Feature Stories 2016: Greener by Degree: Minor in Sustainability

Feature Stories 2016: Greener by Degree: Minor in Sustainability
Greener by Degree: Minor in Sustainability

Established in 2008, the Sustainability minor is the University’s largest and fastest growing minor.

By Barbara LeBlanc

Sustainability addresses a timeless question: how can communities and economies meet the needs of the current generation in a way that future generations can also thrive?

Too large for a single field of study to answer, the question has implications for every walk of life—from how buildings are designed and products are manufactured to how resources are procured and goods and people transported. It affects how ideas are communicated, policy is made, and even how societies are organized. And it requires experts in all those fields to work together.

The big, interdisciplinary picture

“Students majoring in science, for example, should know something about how sustainability interacts with running a business or promoting women’s rights or designing an advertising campaign,” said Tara Rajaniemi, associate professor of Biology. “When those students graduate and get jobs as scientists, they will be able to collaborate with business people, advocates, and designers because they’ll understand where those people are coming from.”

Established in 2008, the is the university’s largest and fastest growing minor, said Robert Darst, program director and associate professor of Political Science. Nearly 70 students from fields including engineering, arts and sciences, and business are enrolled.

“Climate change is central to the lives of millennials and post-millennials,” he said. “They are really interested in it.”

Darst expects the program to continue to expand, as businesses increasingly seek employees who can help them meet growing pressure from investors, government regulators, and consumers for green, sustainable practices. In fact, UMass Dartmouth is hoping to add an Environmental Science and Sustainability major as early as fall 2018.

A curriculum for all majors

Students in the minor study sustainability as it relates to transportation, design, the business supply chain, alternative energy, and public policy. Engineering and science students learn how sustaina-bility and climate change affect communities. Humanities students learn the science behind climate change and sustainable practices, and how to communicate it in a way that non-scientists can understand.

Jerry Blitefield, associate professor of English, said he started studying the rhetoric of the environmental debate when he found he could not refute a colleague’s claim that climate change was a hoax. Now, he helps students analyze those arguments in his Principals of Sustainability and Environmental Communications classes. “We need to know how to read or hear discourse from others and challenge it critically,” he said.

Effective communication has a concrete purpose in Professor Pamela Karimi’s class, Architecture and Sustainability in the American Post-Industrial City. Using New Bedford as a laboratory, students are learning to plan a historical park, from grant writing through design. “The course promotes the historical consciousness of the built environment while also advocating a better future with sustained life,” Karimi said.

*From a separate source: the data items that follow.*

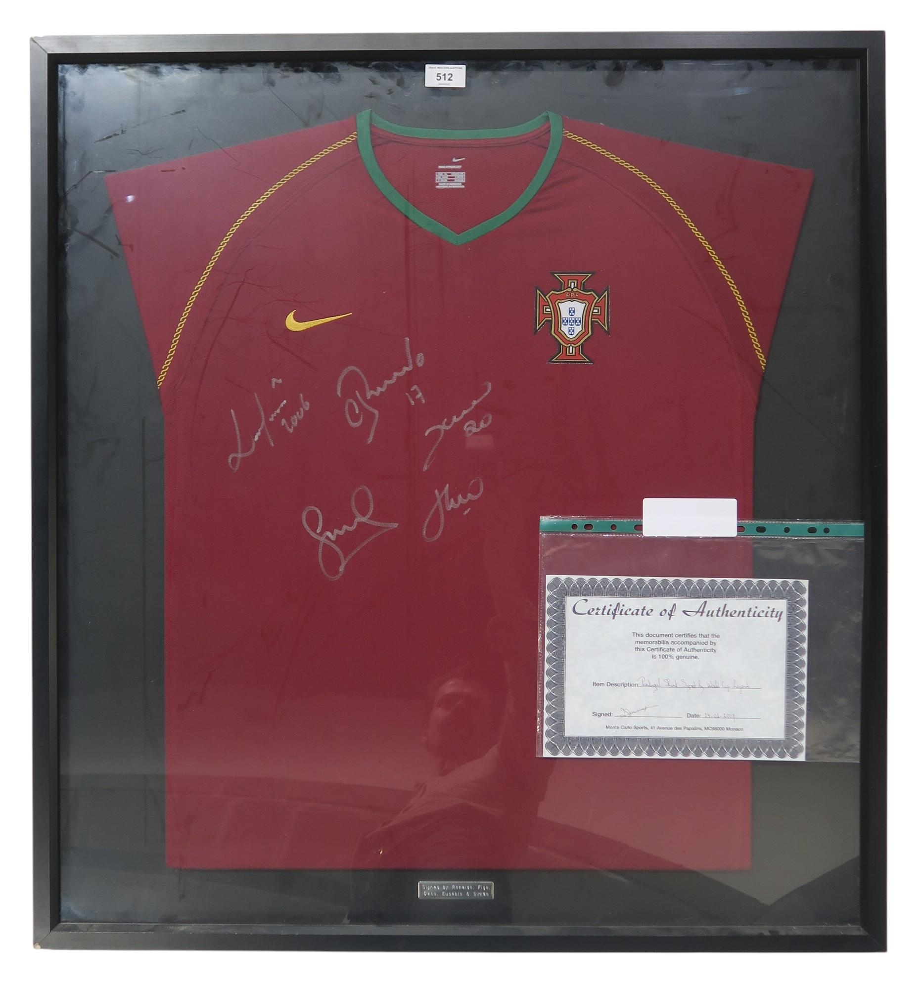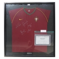 A 2006-08 Portugal Home shirt, signed by Ronaldo, Figo, Deco, Eusebio and Simao; framed under glass, measuring approx. 88cm x 81.5cm externally; with certificate of authenticity from Monte Carlo Sports, Monaco
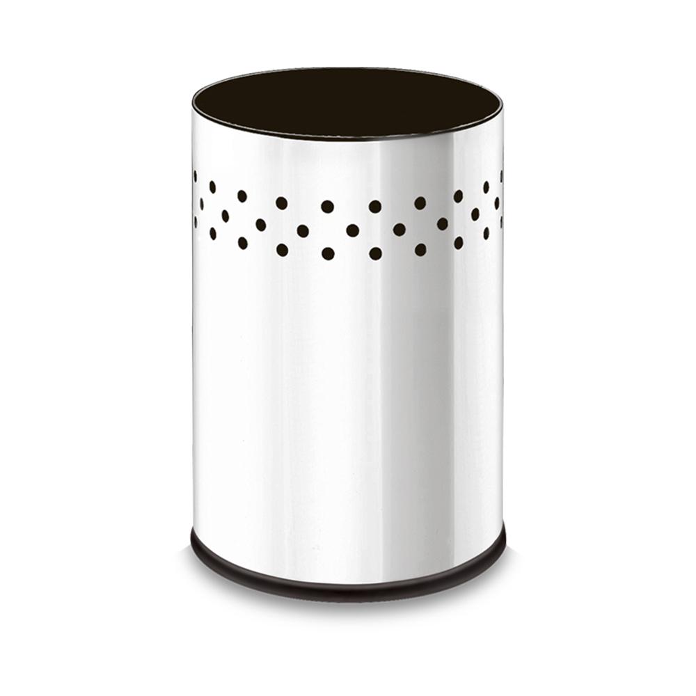 Perfeito para dormitórios, escritórios, salas de recepção e lojas, o cesto Gamma é resistente, fácil de limpar e pode ser utilizado como papeleira ou para lixo seco. Seu corpo em aço inox e seu fundo plástico evitam o acúmulo de resíduos e garantem longa vida ao recipiente. O acabamento cromado possui pequenos orifícios e, além de elegante, combina com qualquer estilo de decoração. A lixeira tem capacidade para 9,4L e ø 20cmx29cm de dimensão.
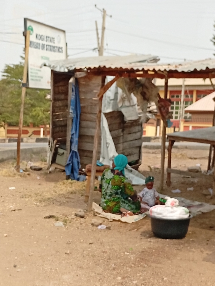 The image depicts a roadside scene in Adankolo, Kogi State, Nigeria. In the foreground, a dirt ground with sparse debris extends across the frame. Centrally, a makeshift stall constructed from rough wooden planks and poles supports a corrugated metal roof. Blue fabric and white tarpaulin hang within the stall's opening. To the right of this stall, an adult female, wearing a green patterned dress and a light blue head covering, sits on a white mat on the ground, facing partially away from the viewer. A young child, dressed in a light-colored outfit and a green cap, sits beside her to the right, also on the ground. In front of the child, a black plastic basin contains a pile of white, soft material. In the background, to the left, a white billboard prominently displays "KOGI STATE BUREAU OF STATISTICS." A paved road runs behind the sign and structures, beyond which distant buildings with red roofs and yellow walls are visible under an overcast sky. A utility pole stands to the right of the billboard.

Rachel Kulick, associate professor of Sociology, challenges students to imagine a different world in her Sustainability in Action class—a world that is “less about stuff and more about relationships and communities,” she said.

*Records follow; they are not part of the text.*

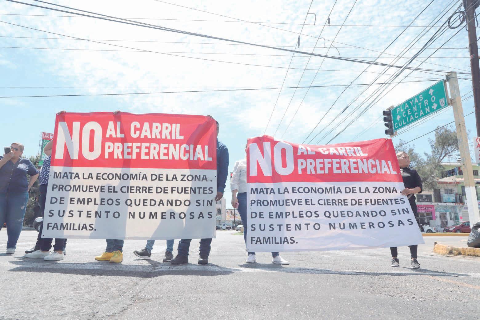 MAZATLÁN_ Un grupo de comerciantes bloqueó la Avenida Juan Carrasco en ambos sentidos, además de la Gutiérrez Nájera, en protesta por la implementación del carril preferencial para el transporte público.
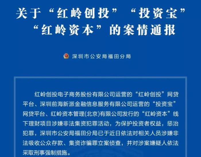 随后2021年9月25日,福田公安通报称,“红岭创投”网贷平台、“投资宝”网贷平台、“红岭资本”线下理财项目涉嫌非法集资犯罪活动,福田公安已于近日对相关人员涉嫌非法吸收公众存款、集资诈骗罪立案侦查,并对涉案嫌疑人依法采取刑事强制措施。
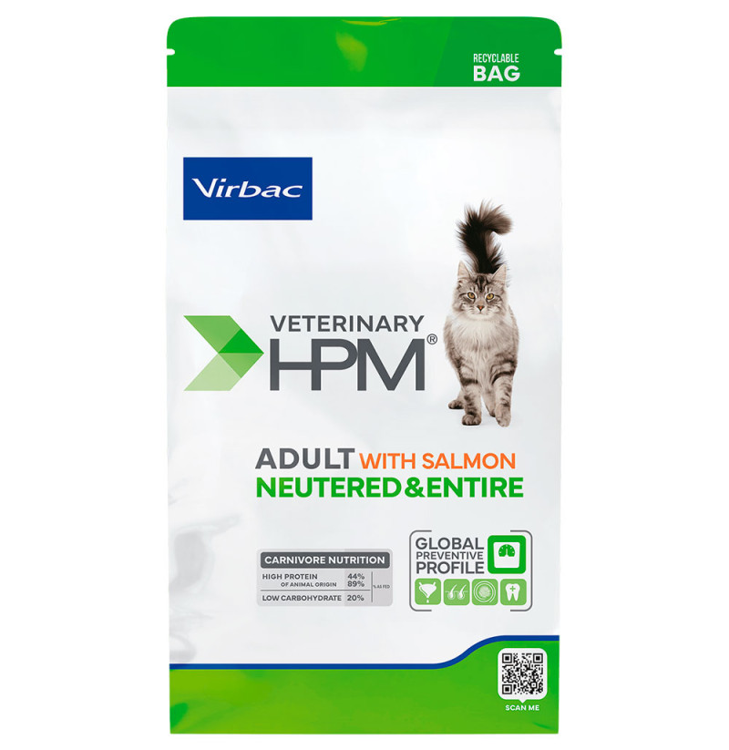 La fórmula Veterinary HPM Adult Neutered & Entire con Salmón de Virbac está diseñada para gatos adultos a partir de 1 año de edad, tanto esterilizados como no esterilizados. Su composición combina una alta proporción de proteína animal con bajo contenido en carbohidratos (≈ 20 %) para adaptarse a su naturaleza carnívora, favorecer la masa muscular magra, controlar el peso y cubrir las necesidades de gatos con menor actividad.

Chad McGuire, associate professor of Public Policy, has his students researching the policy implications of subsidized national flood insurance. They are preparing a white paper connected to his research on the impact of sea level rise on coastal communities. “We want students to have a broader understanding of the field they are going into,” he said. “A business major may be interested in expanding corporate success. Sustainability helps them consider what corporate success means in a broader, social context.”

Fast fashion, for instance, may produce t-shirts that can be sold profitably at $5 apiece. But companies don’t account for the hidden costs of making that shirt, such as the environmental degradation caused by processing cotton, he said.

Applied knowledge makes an impact

Students are challenged to put what they learn into action, both through class and the campus sustainability program. They have designed trail guides for the trails on campus, established a food pantry for students, and worked on community gardening through the Cedar Dell West Community Garden on campus and a garden they are establishing at New Bedford High School.

Students also have researched ways the University can reduce its carbon footprint and save money through sustainable practices. One group discovered that 54% of trash thrown out on campus could be recycled or composted—but only after examining more than a ton of trash, said Rajaniemi.

Students who take the minor are finding that they are in demand. Brittany Doherty ’14, who majored in business and minored in sustainability, works with the Sustainability Roundtable Inc., a Cambridge firm that helps major corporations develop sustainable practices. She also earned a graduate certificate in Environmental Policy from UMass Dartmouth.

“The executives of these companies tell me they wish they could have received that training when they were in college,” she said. “I really like the big picture approach to both economics and human rights—and how sustainability practices can make lives better.”